Group: Fixed sort with removed columns
Stack: Fixed origin column in remap mode
Join: Fixed DSS engine wrongly joining dates when they coincide with Daylight Saving Time change
Hive: Added schema propagation support on Hive recipes
Push To Editable: added schema propagation when running the recipe

Stories ¶

Fixed deletion of Stories from workspaces
Fixed PDF and PPTX export when a filter prompt is included in a Story

Coding & API ¶

Fixed DSSUser.get_client_as with encrypted RPC
Fixed DSSManagedFolder.list_paths_in_partition not correctly returning an exception when enumeration stops due to “too many files” error
Fixed “Date only” columns generated by Python recipes being created as string instead of “Datetime with tz”
Fixed SQLExecutor2.exec_recipe_fragment when the recipe has a managed folder output
Fixed bad error message returned by scenario_run.wait_for_completion() when the scenario fails
Adapted Dash webapp template to be compatible with Dash 3

Git ¶

Added integrity check on project configuration files when resolving a conflict during merge request

Governance ¶

Added an option in emails notification settings to automatically set the sender field of the email as the user who performed the action triggering the notification
Added ability to set the profiles of multiple users at the same time
Added an option to include a dump of the database in instance diagnostics
Improved the template selection when creating an artifact
Removed some static filters: Country and Sponsor from Governed project page, and Region, Sponsor and Business function from Business Initiative page.

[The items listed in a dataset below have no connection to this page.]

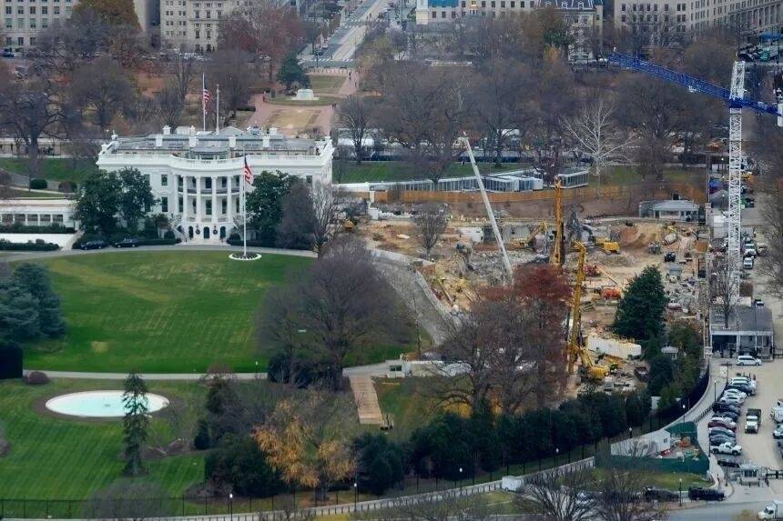 12月9日,美国华盛顿特区,白宫东翼楼宴会厅扩建工程仍在继续。图源:环球网
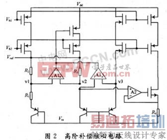 从而在Q2,Q3的VBE之间产生一个差值Tln T项。这个差值项通过运放gm1,gm2被引入到IR1中来修正VBE,Q1中的高阶项。
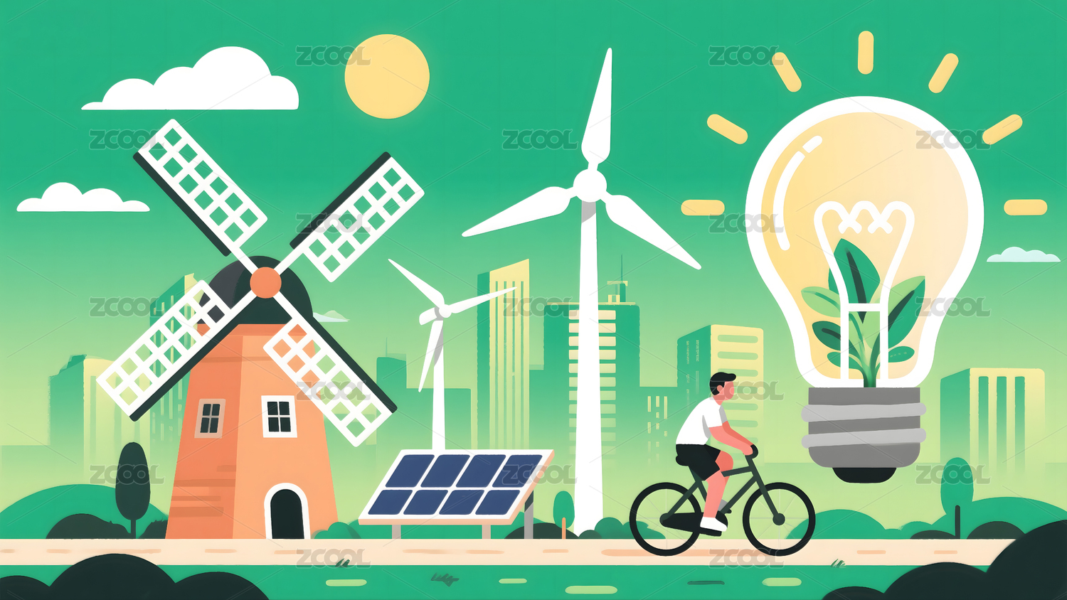 环保插画,新能源,风能太阳能电能,绿色可
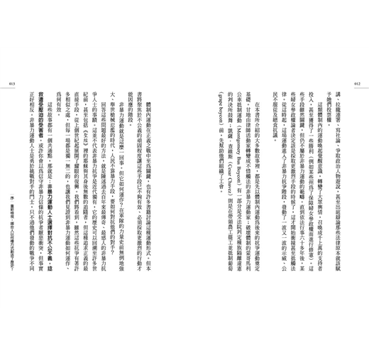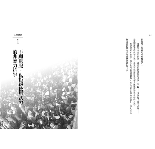 我撰寫本書的用意,就是因為我相信非暴力手段──其實越不和平越好──是比較理想的抗爭方式,甚至可能是修復這支離破碎世界最好的方式。

Note that you can still filter on those fields using a custom filter.
Fixed sticky right panel when switching between tabs
Fixed inconsistent naming of blueprints and blueprint versions for Dataiku items between right panel and artifact page header or minicard.
Fixed group edition page title to display the name of the group
Fixed custom page edition
Fixed Augmented LLMs displayed as governable when they should not because their project is not governed and user doesn’t have the permission to govern the project
Fixed text selection in text field within a list

Elastic AI ¶

GKE: Don’t install NVidia drivers when GPU is not requested

Cloud Stacks ¶

Azure: Remove v6 instance types that cannot be used
Improved propagation of tags to Cloud resources

Performance & Stability ¶

Fixed possible crash when computing a map chart with enormous geometries
Reduced performance impact of indexing in the catalog / DSS items search

Misc ¶

Fixed prediction classes not properly set when deploying a classification model from an experiment tracking run
Fixed API Designer test failure when using an Oracle connection for bundled data
The plugin “Usages” tab now accounts for Agents, Tools, and LLM Guardrails
Fixed possible failures of webapps when using public mode or vanity URLs
Fixed issues with webapp duplication

Version 13.4.2 - March 12th, 2025 ¶

DSS 13.4.2 is a bugfix release

Performance ¶

Fixed thread leak when writing Parquet files on S3 via non-regional endpoints

Version 13.4.1 - February 21st, 2025 ¶

DSS 13.4.1 is a bugfix release

LLM ¶

Allow to specify costs for custom AWS Bedrock models with a finer granularity than 0.01$
Fixed “Advanced LLM Mesh required” warning modal

Connections ¶

Fixed OAuth2 mode of Azure and Azure OpenAI Connections if token endpoint is specified
Fixed propagation of string columns max length on SQLServer and PostgreSQL datasets
Fixed MongoDB connection when using username and password fields with non default MongoDB authentication

API ¶

Fixed the drop_and_create option of Dataset#write_schema Python method

Elastic AI ¶

Fixed the “Push base images” button in “Containerized execution” settings page

Govern ¶

Fixed saved model visual agents displayed as fine-tuned saved models

Deployer ¶

Fixed project deployment save button

Plugins ¶

Fixed issue saving the visibility settings of plugins

Testing ¶

Fixed code environment selection dropdown in Pytest scenario step settings

Git ¶

Fixed “Revert project” version warning if several Dataiku upgrades had happened since the commit

Performance ¶

Fixed memory leak when writing Parquet files on S3
Fixed possible hang related to refresh token rotation
Fixed jobs failing to start on instances with hundreds of Dataiku Applications

Version 13.4.0 - February 9th, 2025 ¶

DSS 13.4.0 is a major new release, with major new features, bug fixes, security fixes, and performance improvements

New Feature: Dataiku Stories ¶

Dataiku Stories empowers business users to quickly build contextualized, interactive, and up-to-date data presentations so that they can more easily understand and share the stories hidden in their data.

Through drag-and-drop visual interfaces, business users can collaboratively create meaningful presentations with filters, annotations, and interactive elements that are automatically refreshed with new data.

For more details, please see Stories

New Feature: Dataiku Answers & Agent Connect ¶

Dataiku now includes two fully-featured AI Chatbot user interfaces, allowing you to expose rich chatbots to your users powered by AI. They handle security, tracing, user preferences, history, and are customizable.

Answers is a full-featured Chat interface for creating chat bots based on your internal knowledge and data
Agent Connect is a more advanced multi-agent Chat interface for unified user access to multiple Generative AI use cases

For more details, please see Chat UI

New Feature: Visual Agents & Tools ¶

This feature is part of the Advanced LLM Mesh add-on

You can now visually define your own Generative AI Agents, that can then be used in all LLM-enabled capabilities of Dataiku (Prompt Studio, Prompt Recipes, Dataiku Answers, Agent Connect, LLM Mesh API).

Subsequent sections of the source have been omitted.